In September last year, the US regulator invited stakeholders to provide comments on demurrage and detention under the Shipping Act, and concerns were raised about the billing practices of ocean carriers.
Allegations were made that VOCCs have expansively defined “merchant” in their respective bills of lading to include persons or entities with no beneficial interest in the cargo and who had not consented to be bound by the terms of the underlying bill of lading.
Hence, the FMC’s notice of inquiry (NOI) has invited interested members of the public to share their insights. Concurrent with the public comment period, the Commission’s Bureau of Enforcement will seek specific information from certain container shipping lines serving the US foreign trades.
In particular, the NOI seeks information related to how VOCCs apply the term “Merchant” in their bills of lading.

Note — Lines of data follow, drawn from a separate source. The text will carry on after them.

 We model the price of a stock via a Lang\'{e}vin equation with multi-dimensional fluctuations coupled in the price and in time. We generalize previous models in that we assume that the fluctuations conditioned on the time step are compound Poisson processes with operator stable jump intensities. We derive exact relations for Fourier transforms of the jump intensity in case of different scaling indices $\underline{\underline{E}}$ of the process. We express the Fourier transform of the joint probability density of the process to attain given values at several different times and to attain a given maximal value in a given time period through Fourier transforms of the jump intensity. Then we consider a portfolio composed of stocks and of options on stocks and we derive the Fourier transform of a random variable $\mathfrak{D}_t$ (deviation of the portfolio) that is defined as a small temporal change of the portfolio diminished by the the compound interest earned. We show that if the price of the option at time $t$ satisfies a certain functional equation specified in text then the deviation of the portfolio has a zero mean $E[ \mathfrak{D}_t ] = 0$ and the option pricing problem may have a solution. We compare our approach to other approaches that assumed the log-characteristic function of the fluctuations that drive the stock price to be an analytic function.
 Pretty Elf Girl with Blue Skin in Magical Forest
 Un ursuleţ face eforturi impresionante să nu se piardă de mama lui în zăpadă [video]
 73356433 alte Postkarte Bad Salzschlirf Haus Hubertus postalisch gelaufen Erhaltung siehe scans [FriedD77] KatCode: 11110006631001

“For example, does the VOCC apply the term “Merchant” in a manner that subjects third parties that are not in a direct mutually agreed business relationship with the VOCC to liability?” asked the FMC in a statement.

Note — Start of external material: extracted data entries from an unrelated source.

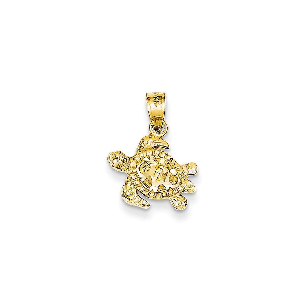 14k Yellow Gold Turtle Pendant Necklace 17x13mm Wide-Pendant for Women - .9 Grams
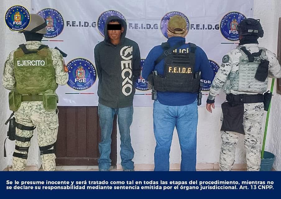 Chilpancingo, Gro., a 7 de enero de 2026.— En cumplimiento a un mandato judicial, la Fiscalía General del Estado de Guerrero, en coordinación con la Secretaría de la Defensa Nacional (DEFENSA), Guardia Nacional (GN), Secretaría de Seguridad y Protección Ciudadana (SSPC) y Policía Estatal, cumplimentó una orden de aprehensión en contra de Margarito “N”, por su probable responsabilidad en el delito de homicidio calificado, en agravio de Sergio “N”, ocurrido en el municipio de Chilpancingo de los Bravo.
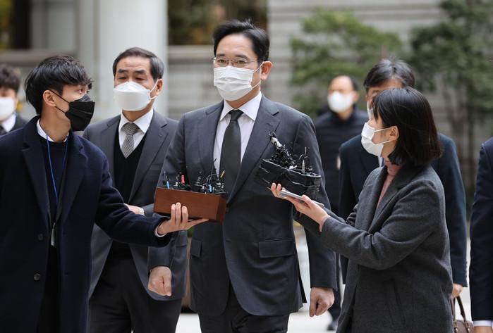 이재용 삼성전자 부회장이 9일 서초동 서울고등법원에서 열리는 '국정농단' 사건 파기환송심 재판에 출석하고 있다.
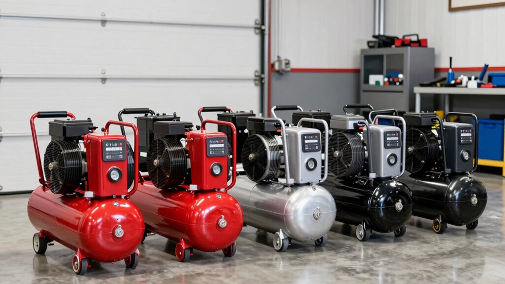 Selecting the right tank size is essential for guaranteeing your garage compressor meets your workflow demands. Larger tanks, like 20 gallons or more, provide longer continuous operation and reduce the need for frequent recharging, making them ideal for extensive projects. Smaller tanks, such as 6 or 8 gallons, are more portable but may require more frequent breaks to refill, which can slow down your work. If you use high-demand pneumatic tools or operate multiple tools simultaneously, a tank of at least 13 gallons is recommended to maintain consistent performance and prevent cycling issues. Ultimately, balancing tank size with your need for portability and runtime ensures you choose a compressor that fits your garage tasks efficiently without unnecessary interruptions or bulk.
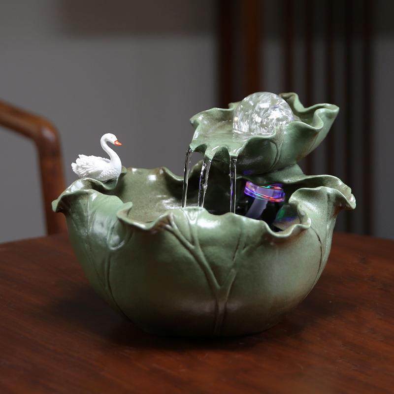 新中式造景鱼缸循环流水客厅玄关办公室装饰桌面摆件乔迁开业礼品

FMC chairman Michael Khouri said: “We encourage ocean container stakeholders to share their experiences with bills of lading that contain these described “Merchant” clauses.
“Without public comment and involvement, it is difficult for the Commission to address alleged commercial abuse in this area.”
The NOI also asks whether ocean carriers have sought to enforce the definition of “Merchant” against third parties that have not consented to be bound by, or otherwise accepted, the terms of the bill of lading.
In its submission to the FMC in October 2019, the American Association of Port Authorities (AAPA) stated: “We do not support the Commission’s suggestion that marine terminal operators directly bill cargo interests, with whom they have no direct contractual relationship, for the use of terminal land.
“The suggestion would require revamping the commercial relationships that have existed in the industry for decades. Marine terminal operators (MTOs) do not have contractual relationships with the numerous cargo owners that may utilise their facilities and expecting MTOs to bill them all directly would not facilitate the efficient flow of cargo.”
Walmart, one of the numerous shippers to file comments, said at the time: “Demurrage and detention practices should be aimed at incentivizing cargo interests to move cargo promptly from ports and marine terminals, and when such practices do not incentive cargo movement, there is reason to question their reasonableness.
“Reasonable practices require clarity regarding demurrage and detention policies including, but not limited to, definition of charges, clarity regarding who is liable, notice (including that charges are accruing, of steps to be taken to terminate assessment of charges, and regarding resolution of disputes).”